Problem to work on: In your copy, repeat the records exactly and leave out the pictures.

Entries taken from a collection:
Content starts
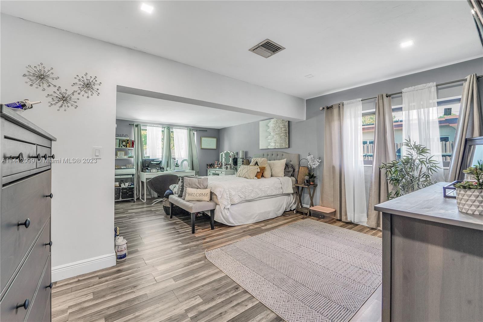 Welcome Home! This incredibly spacious home boasts an open concept living and dining area overlooking the oversized Florida room with a lot of natural light throughout. The kitchen is well equipped with an abundance of cabinet space and newer well maintained SS appliances. Then flow right into the massive laundry room that can also be used a den/office or a flex space with access to the back yard. This home has 3 bedrooms and 2 full baths with a massive master suite with a sitting area and a proper ensuite bathroom. Head out into the covered patio area and/or enjoy the pool where you and the family can cool off on those scorching hot summer days. Full hurricane protection with recently installed hurricane impact windows and doors.
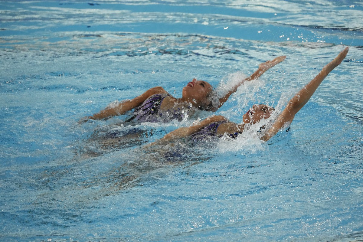Greece's Sofia Malkogeorgou and Evangelia Platanioti compete during the duet free final at the European swimming championships, in Rome, Saturday, Aug. 13, 2022. (AP Photo/Andrew Medichini)
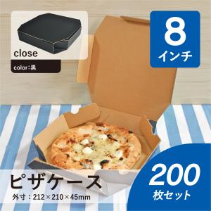 ピザ ケース 8インチ 黒 ピザ箱 デリバリー ピザボックス テイクアウト ピザ 宅配 直径20cm 対応 200枚 ブラック 段ボール 業務用 ダンボール ワン サイズ
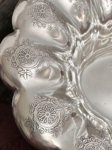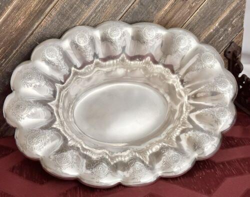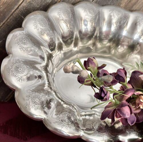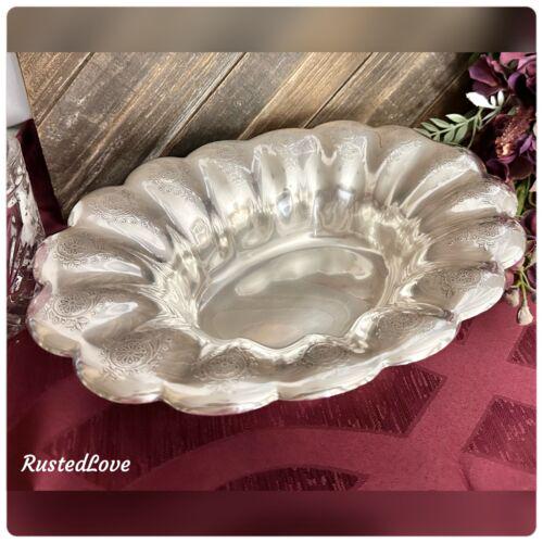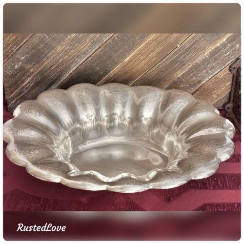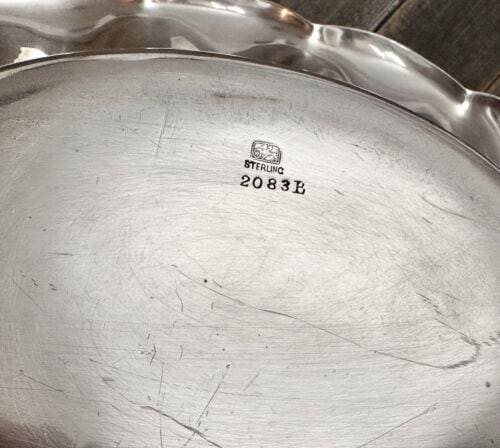 This is for a lovely Sterling Silver Bowl. The bowl is marked on the base with pattern 2082B, Sterling and a hallmark with a W and perhaps a Lion. The bowl weighs 391.8 grams. The vintage silver bowl measures: 2.5 inches tall x 11.5 inches wide x 9.75 inches deep. The rim is ruffled and etched with a delicate Art Deco styled design of swirls, leaves and is on the raised parts of the rim.
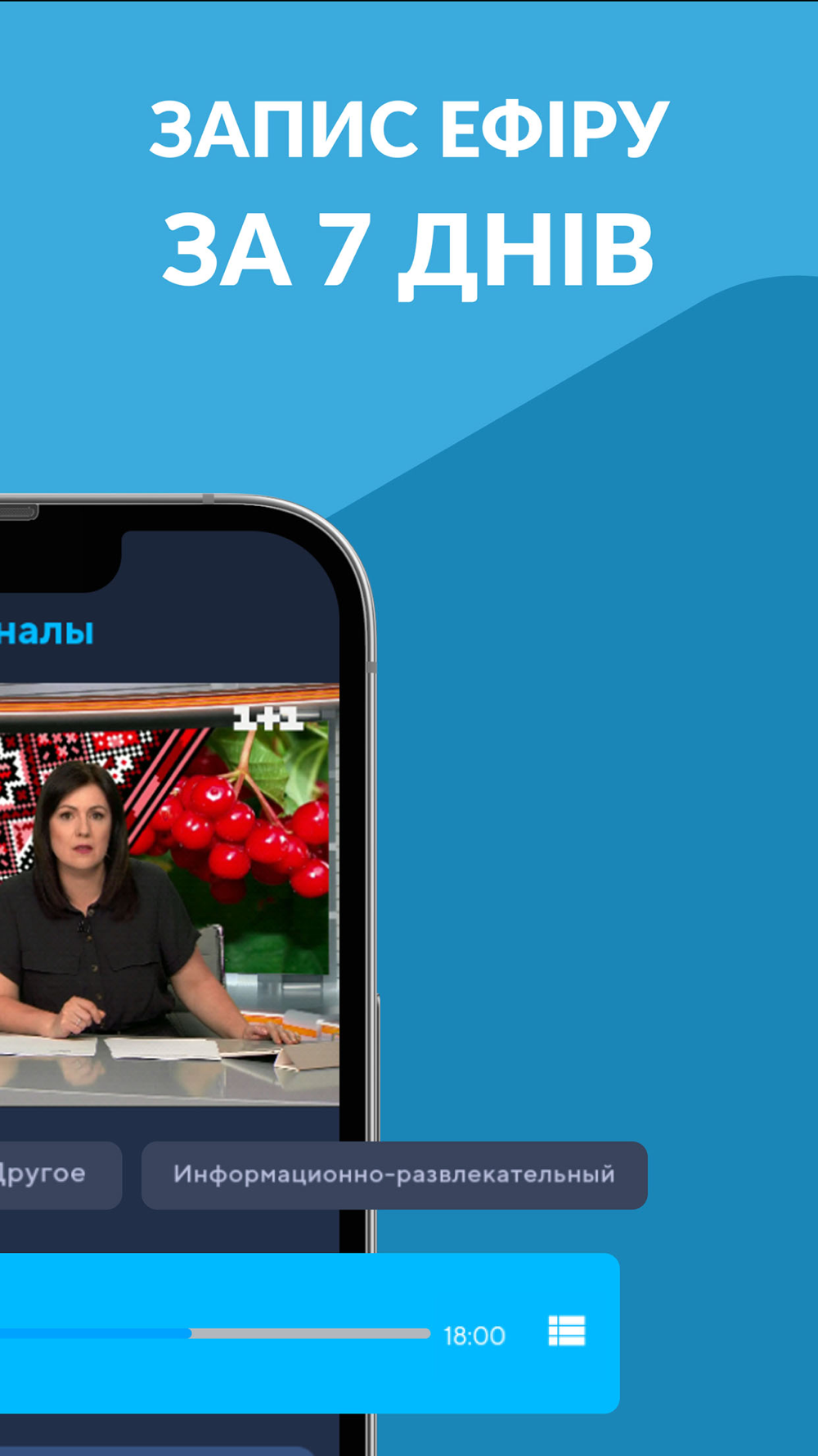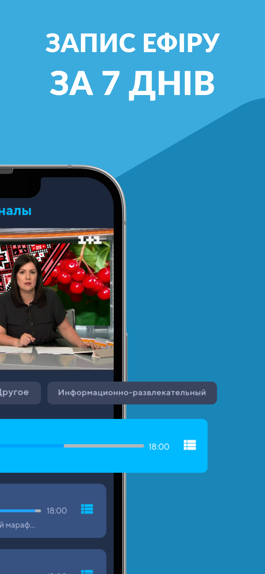 Керуйте переглядом — ставте ефір на паузу та вмикайте його пізніше. Є смуга прокручування для перемотки та перегляду з початку. Дивіться улюблені передачі у свій зручний час, не прив'язуючись до телепрограми. Запис ефіру зберігається 7 днів.
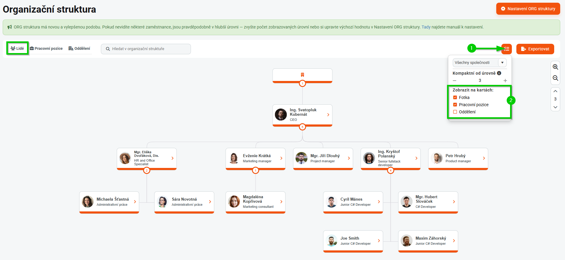 ORG struktura zobrazuje přehled všech oddělení a jejich členů.
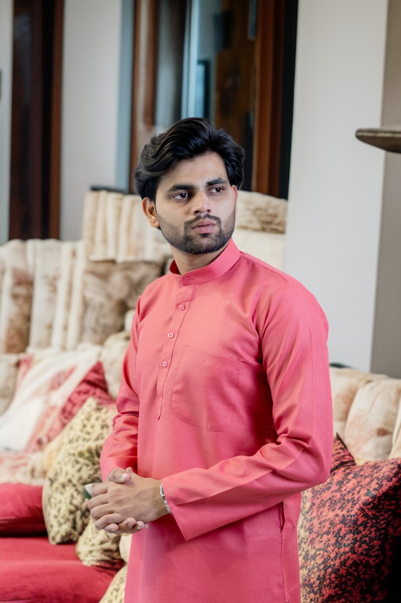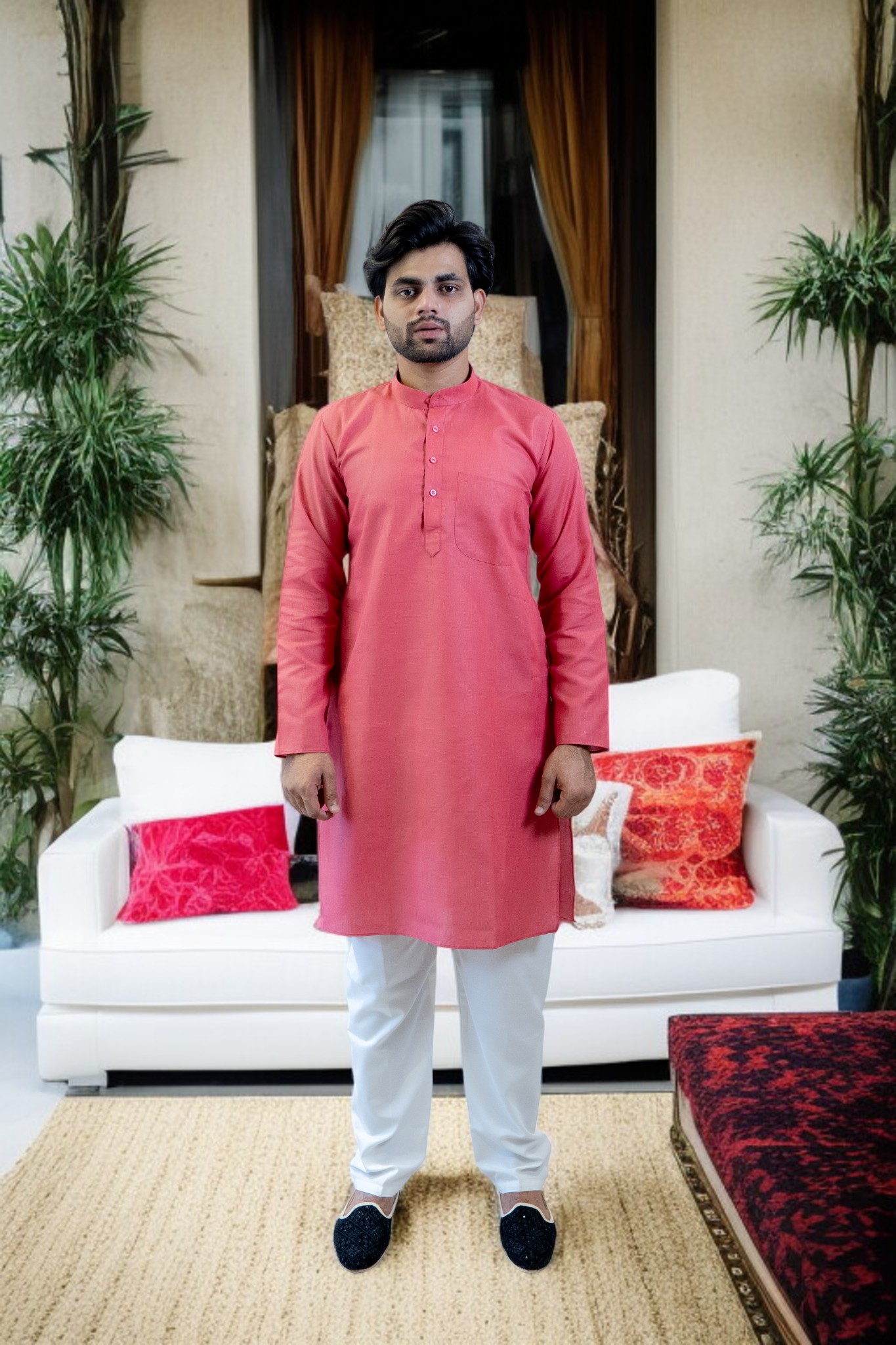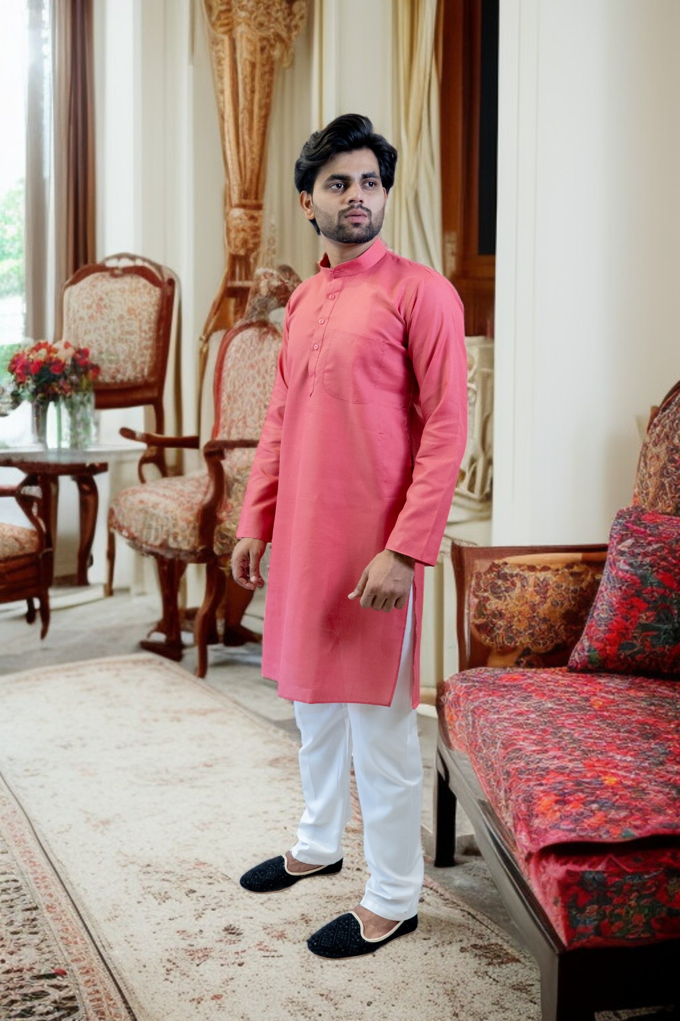 The plain, classic kurta features a subtle pink shade that adds a fresh, elegant look, perfect for both daytime and evening events. Paired with a matching cotton pajama, it provides a coordinated and classy appearance suitable for all age groups.
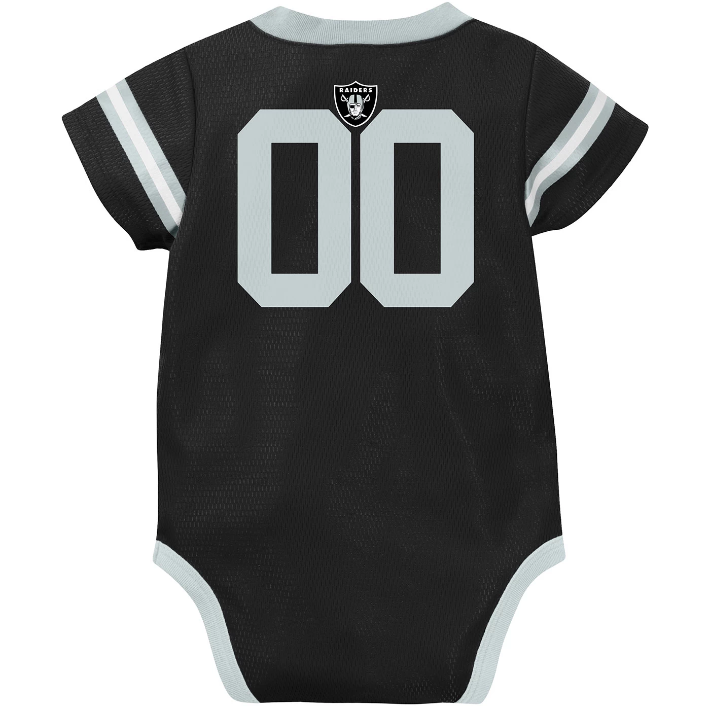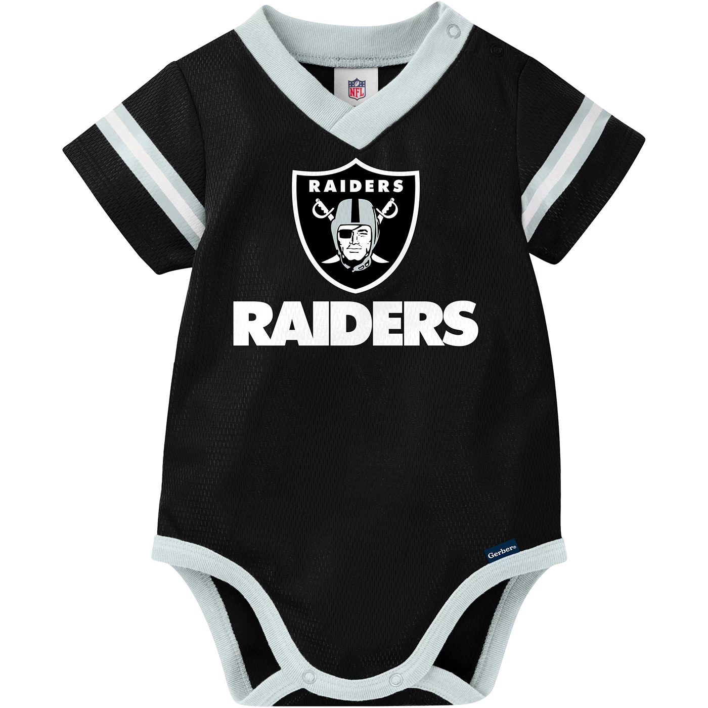 Ready for the end zone! The Raiders Dazzle Newborn Bodysuit by Gerber provides a jersey-like look with screen printed graphics on the front and back. Snap closure at the crotch and shoulder.
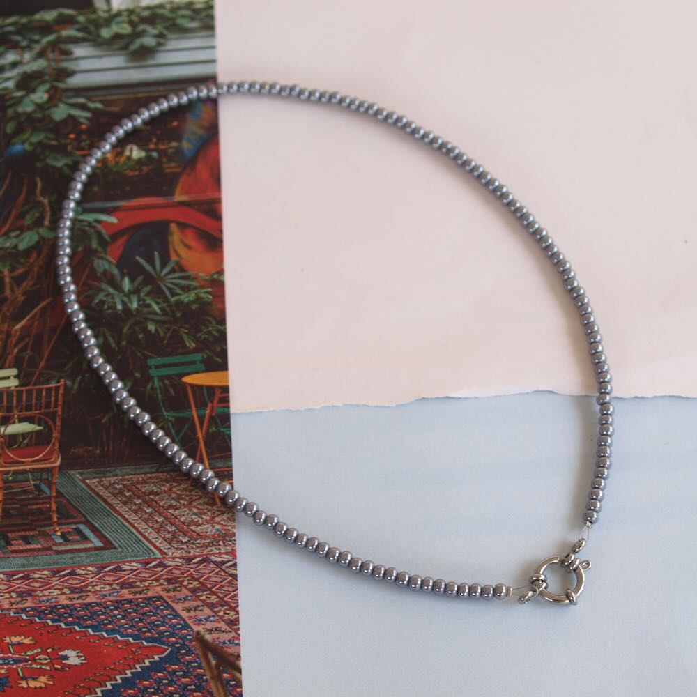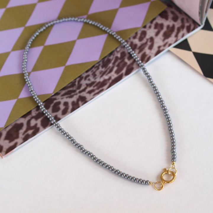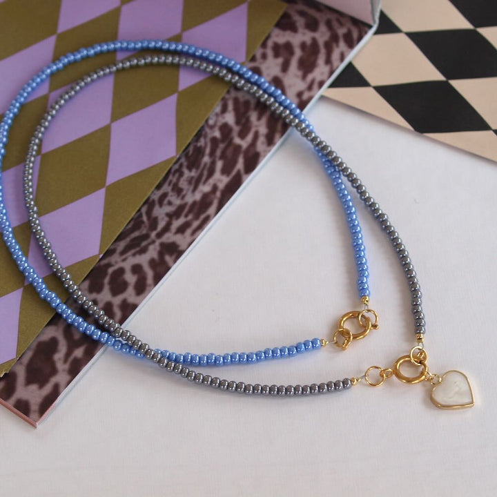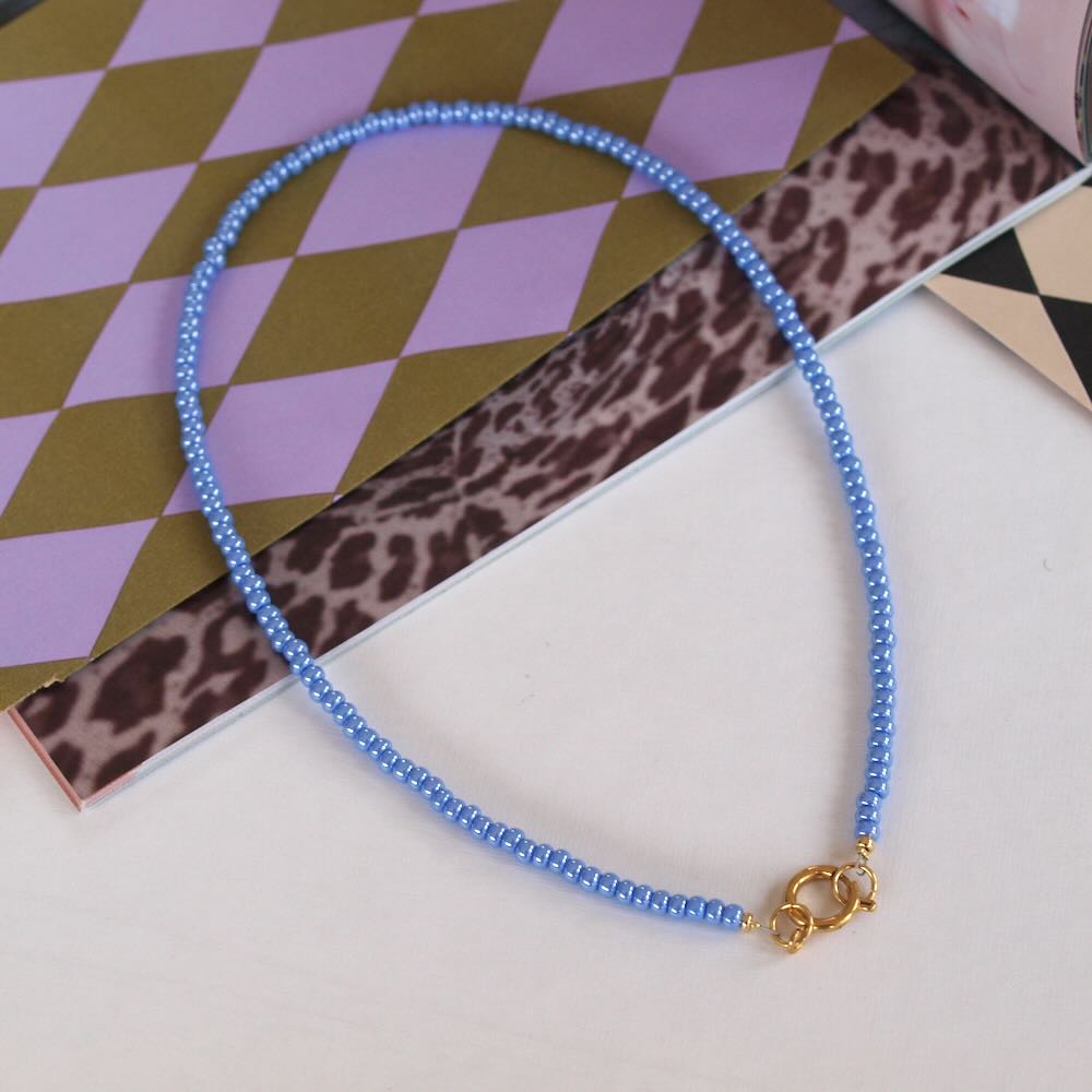 Ketting geregen met 6/0 rocailles in twee mooie kleuren, de baby blue en grey. De kettingen hebben een gouden roestvrijstalen sluiting. Draag de sluiting naar voren en kies nog leuke bedels voor aan je ketting. De ketting is ook mogelijk met een zilveren roestvrijstalen sluiting. Lengte:44 cm
Content ends
Response to this task:
 Welcome Home! This incredibly spacious home boasts an open concept living and dining area overlooking the oversized Florida room with a lot of natural light throughout. The kitchen is well equipped with an abundance of cabinet space and newer well maintained SS appliances. Then flow right into the massive laundry room that can also be used a den/office or a flex space with access to the back yard. This home has 3 bedrooms and 2 full baths with a massive master suite with a sitting area and a proper ensuite bathroom. Head out into the covered patio area and/or enjoy the pool where you and the family can cool off on those scorching hot summer days. Full hurricane protection with recently installed hurricane impact windows and doors.
Greece's Sofia Malkogeorgou and Evangelia Platanioti compete during the duet free final at the European swimming championships, in Rome, Saturday, Aug. 13, 2022. (AP Photo/Andrew Medichini)
 ピザ ケース 8インチ 黒 ピザ箱 デリバリー ピザボックス テイクアウト ピザ 宅配 直径20cm 対応 200枚 ブラック 段ボール 業務用 ダンボール ワン サイズ
 This is for a lovely Sterling Silver Bowl. The bowl is marked on the base with pattern 2082B, Sterling and a hallmark with a W and perhaps a Lion. The bowl weighs 391.8 grams. The vintage silver bowl measures: 2.5 inches tall x 11.5 inches wide x 9.75 inches deep. The rim is ruffled and etched with a delicate Art Deco styled design of swirls, leaves and is on the raised parts of the rim.
 Керуйте переглядом — ставте ефір на паузу та вмикайте його пізніше. Є смуга прокручування для перемотки та перегляду з початку. Дивіться улюблені передачі у свій зручний час, не прив'язуючись до телепрограми. Запис ефіру зберігається 7 днів.
 ORG struktura zobrazuje přehled všech oddělení a jejich členů.
 The plain, classic kurta features a subtle pink shade that adds a fresh, elegant look, perfect for both daytime and evening events. Paired with a matching cotton pajama, it provides a coordinated and classy appearance suitable for all age groups.
 Ready for the end zone! The Raiders Dazzle Newborn Bodysuit by Gerber provides a jersey-like look with screen printed graphics on the front and back. Snap closure at the crotch and shoulder.
 Ketting geregen met 6/0 rocailles in twee mooie kleuren, de baby blue en grey. De kettingen hebben een gouden roestvrijstalen sluiting. Draag de sluiting naar voren en kies nog leuke bedels voor aan je ketting. De ketting is ook mogelijk met een zilveren roestvrijstalen sluiting. Lengte:44 cm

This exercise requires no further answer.